HivisionIDPhoto

Project Description

HivisionIDPhoto is a project focused on creating a practical and systematic AI-powered ID photo generation tool. It leverages a pipeline of AI models to recognize various user photo scenarios, perform background removal (matting), and generate standard ID photos.

What is the project about?

The project is about developing an intelligent system for creating ID photos from user-submitted images. It automates the process of background removal, resizing, and formatting to meet specific ID photo requirements.

What problem does it solve?

It solves the problem of easily and quickly creating compliant ID photos from casual photos, without needing professional photography equipment or editing skills. It addresses the need for on-demand ID photo generation, especially in urgent situations.

What are the features of the project?

Lightweight Matting: Performs background removal efficiently, even on CPUs (offline).
Standard ID Photo Generation: Creates ID photos conforming to different size specifications.
Layout Photo Generation: Produces print-ready layouts (e.g., 6-inch photo paper layouts) with multiple ID photos.
Flexible Inference: Supports both purely offline (CPU-based) and client-server inference.
Beautification: Includes a beautification feature to enhance the appearance of the subject.
Smart Formal Attire Change: (Future feature) Intends to add the ability to digitally change the subject's clothing to formal attire.
Face Alignment: Rotate the face to align.
Custom Background Color: Support custom background color by HEX input.
Print Layout: Support five layout sizes: 6-inch, 5-inch, A4, 3R, and 4R.
Beauty Parameters: Add beauty parameters to the API interface.
DPI and Face Alignment Parameters: Add DPI and face alignment parameters to the API interface.
Base64 Image Input: Add base64 image input option to the API interface.

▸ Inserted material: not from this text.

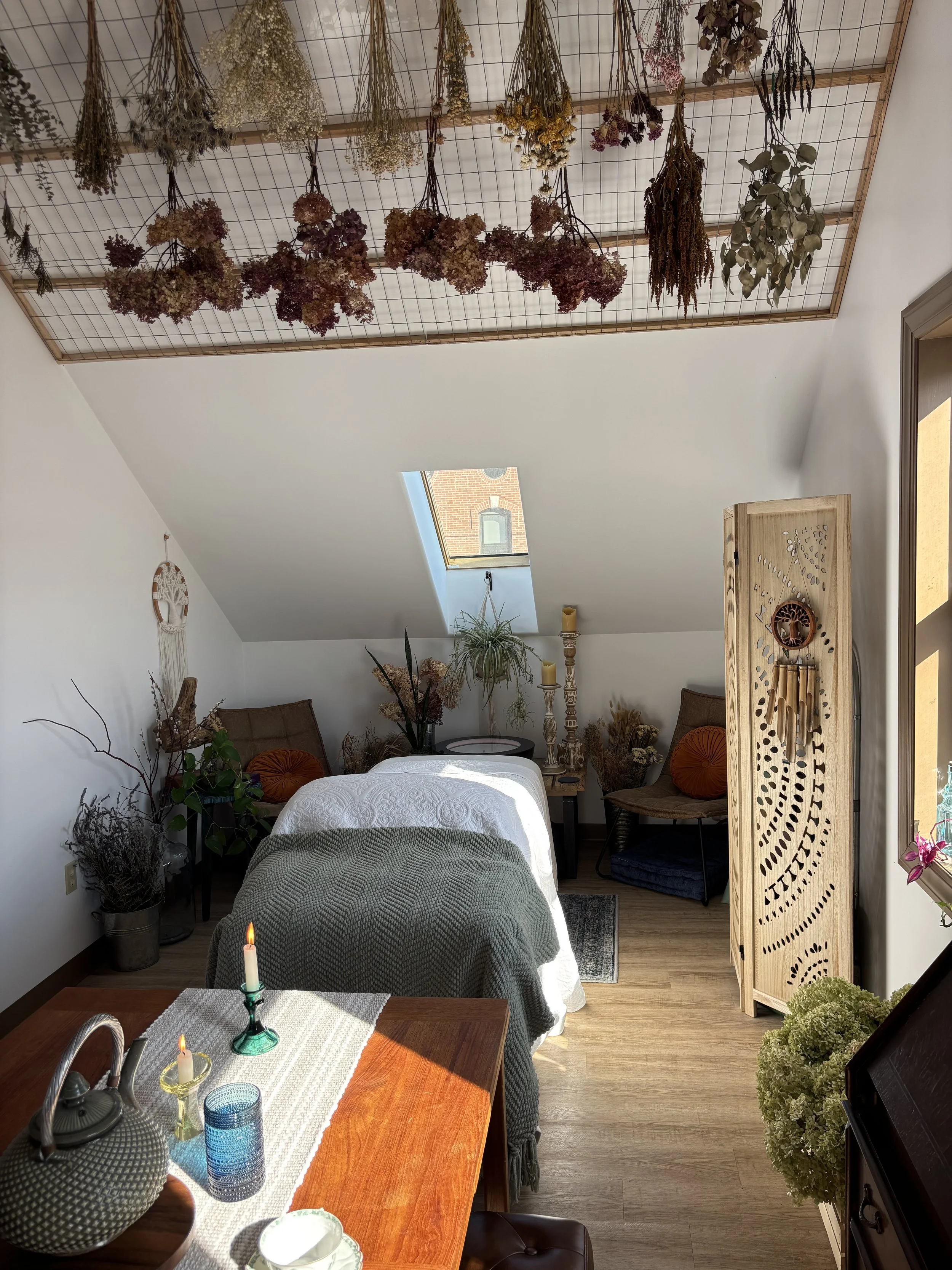 After an initial check in and consultation, my clients lay clothed on a massage table under blankets with pillow support for comfort. Soothing music and essential oils are used to deepen the relaxation. All that’s required is breathing and letting go.
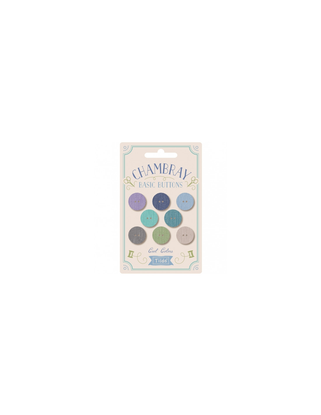 Tilda Chambray, 8 Bottoni da 16 mm Ricoperti in Tessuto Colori Freddi Tilda Fabrics - 1

What are the technologies used in the project?

Python: The primary programming language.
ONNX Runtime: Used for running the matting models (MODNet, hivision_modnet, rmbg-1.4, birefnet-v1-lite).
Gradio: Used for creating the interactive web demo.
Docker: Used for containerization and deployment.
Face Detection Models: MTCNN (default, lightweight), RetinaFace (optional, more accurate), Face++ (optional, online API).
CUDA/cuDNN (Optional): For GPU acceleration of the birefnet-v1-lite model.
SwanLab: A deep learning training tracking and visualization tool.

What are the benefits of the project?

Convenience: Users can create ID photos anytime, anywhere.
Speed: The process is fast, especially with CPU-based matting.
Cost-Effectiveness: Eliminates the need for professional photo services.
Flexibility: Supports various ID photo sizes and background colors.
Accessibility: Can be used offline, making it accessible even without an internet connection.
Ease of Use: The Gradio demo provides a user-friendly interface.
Open Source: Allows for community contributions and extensions.

What are the use cases of the project?

Generating ID photos for official documents: Passports, driver's licenses, visas, etc.
Creating photos for online profiles: Social media, job applications, school registrations.
Emergency ID photo needs: When a quick and readily available solution is required.
Printing ID photos at home: Using the layout photo generation feature.
Developing custom applications: The API allows integration into other software or services.
Community-built applications: WeChat mini-programs, ComfyUI workflows, web applications, and Windows GUI applications.